River Balleny's wind-burnt face appeared on the screen. Behind her was bright sunlight, a sky not touched in pastels. She was wearing a t-shirt, and appeared relaxed and happy.
“Hi, Chauncie,” she said. “I swore to myself I wouldn't contact you--in case they got to you somehow--but it just seemed wrong to leave you in the lurch. I had to do something. So... well, check your email. A little gift from me to you.
“You know... I really wasn't lying when I told you I think the seed data belongs to all of mankind. I walked back into the vault seriously intending to leave it there. But then I realized that it wouldn't solve anything. We'd still have all our eggs in one basket, so to speak. As long as the seed data was in one place, stored in only one medium--whether it was as seeds or bits on a data chip--it would be scarce. And anything that's scarce can be bought, and sold, and hoarded, and killed for.

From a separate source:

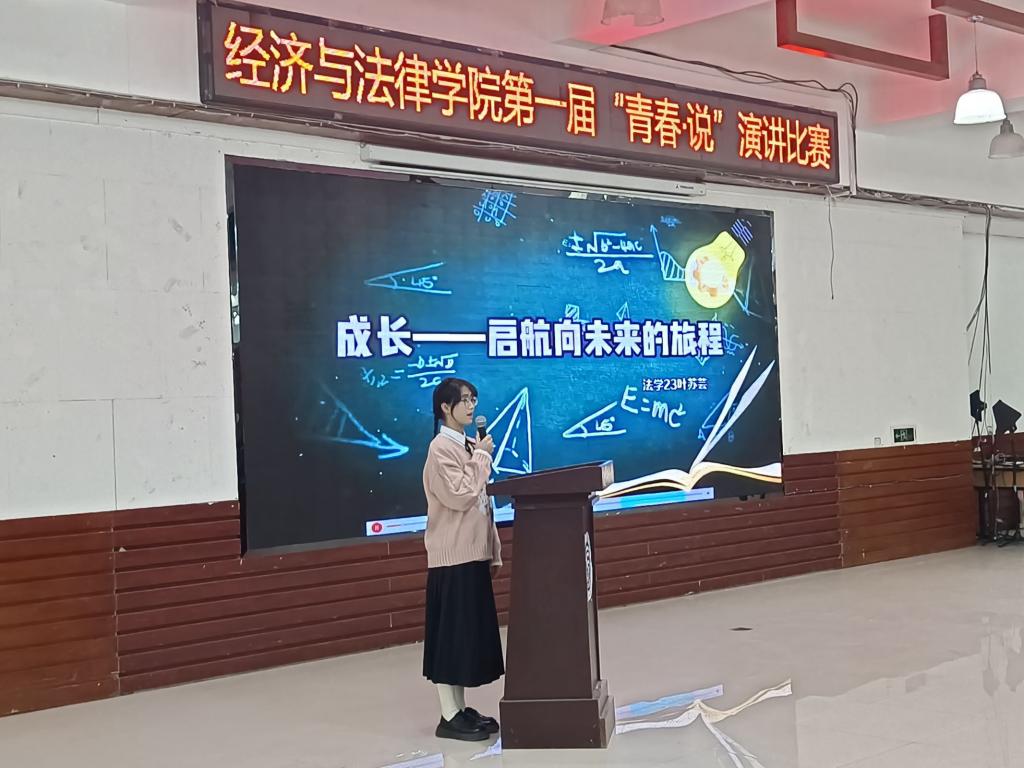 本次演讲比赛分为初赛、半决赛及决赛三个环节。初赛以“青春”为主题遴选出了10名选手。在半决赛中,选手们以“成长”为主题激情演讲,他们用充实的演讲内容和自然的肢体语言,讲述着自己独有的生活经历和成长感悟,用饱满的热情和真挚的感情表达着新时代青年的坚定的理想信念;他们用最动情的语言展现着人生中自我接纳、自我关照、自我突破的美好历程,表达了未来一路耕耘、一路成长的决心和希望。他们声情并茂、慷慨激昂的演讲赢得了在场评委和观众的共鸣与掌声,也鼓舞着经法学子以奋发向上的态度和昂扬的斗志面对未来的学习和生活。

“So I pulled the chips from the briefcase and wrote down the upload data on a scrap of paper. After we parted, I uploaded it to Maksim. And, yeah, I gave him my own bank account number.” She chuckled. “Sorry--but I was never the naïve farm girl you and Kulitak seemed to think I was.”

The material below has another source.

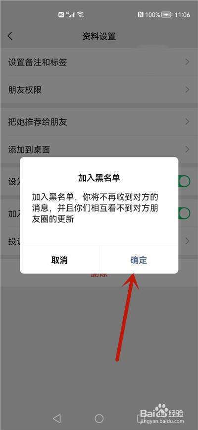 在进入的界面,点击确定按钮,这时对方搜索他就会显示用户不存在。

Chauncie swore under his breath--but he couldn't help smiling too.
“As long as the genetic code of those seeds was kept in one place, it remained scarce,” she said again. “That gave it value but also made it vulnerable. Now Maksim has it; there'll be more and more copies as he sells it, and patents it and uses it in various ways. And someday--when he's gotten what he wants out of it and it's ceasing to be scarce anyway--someday I'll upload it all onto the net. For everyone to use.

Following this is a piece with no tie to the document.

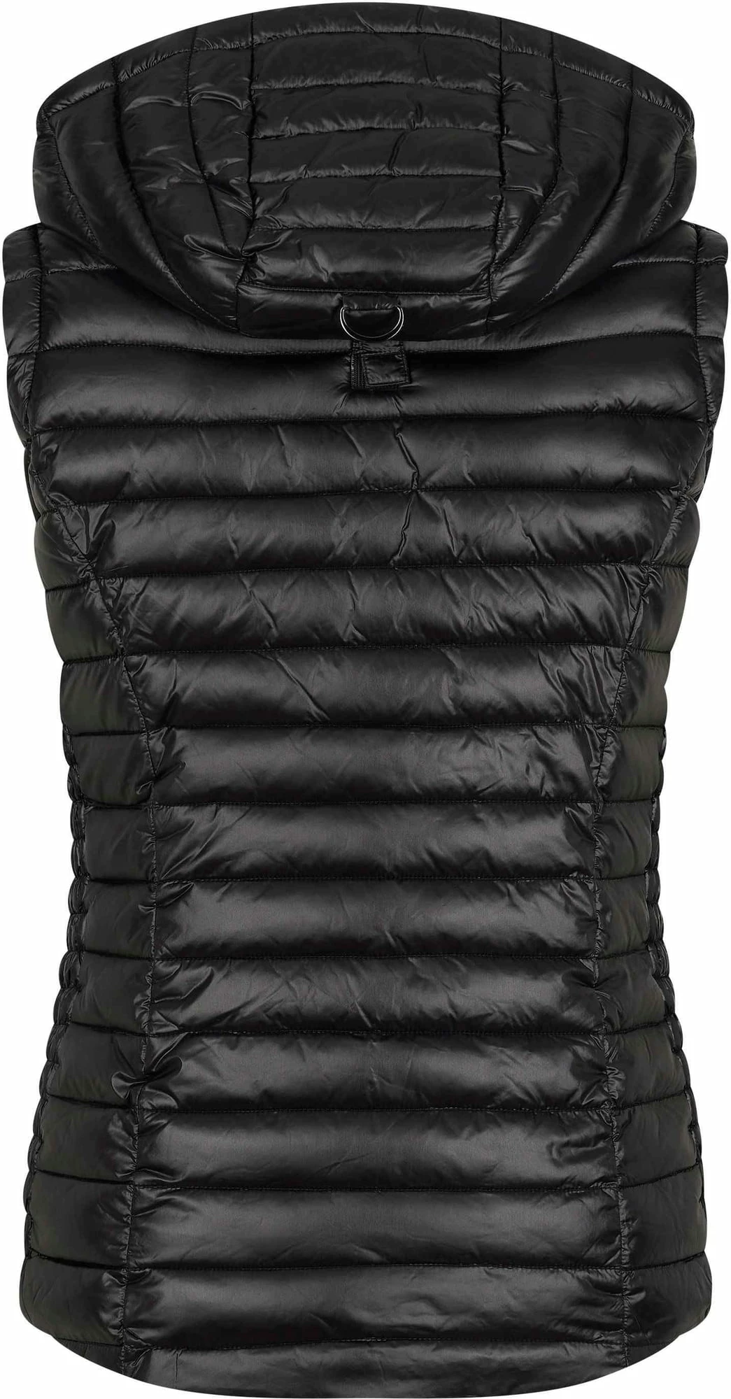 This slightly shiny quilted waistcoat keeps its shape well and incorporates a spacious hood that can be extended using integrated zips. Inside, a padded collar keeps the neck area warm on cold days.

“We all have to make hard choices these days, Chauncie--about what can be saved, and what we have to leave behind. Svalbard will always be there, but its rarest treasure is out now and with luck, it won't be rare for long. So everybody wins this time.
“As to me personally, I'm retiring and no, I'm not going to tell you where. And I've left you enough for a really good vacation. Enjoy it on me. Maybe we'll meet again someday.”
She smiled, and there was that naïve farmgirl look, for just a second. “Goodbye, Chauncie. I hope you don't think less of me for taking the money.”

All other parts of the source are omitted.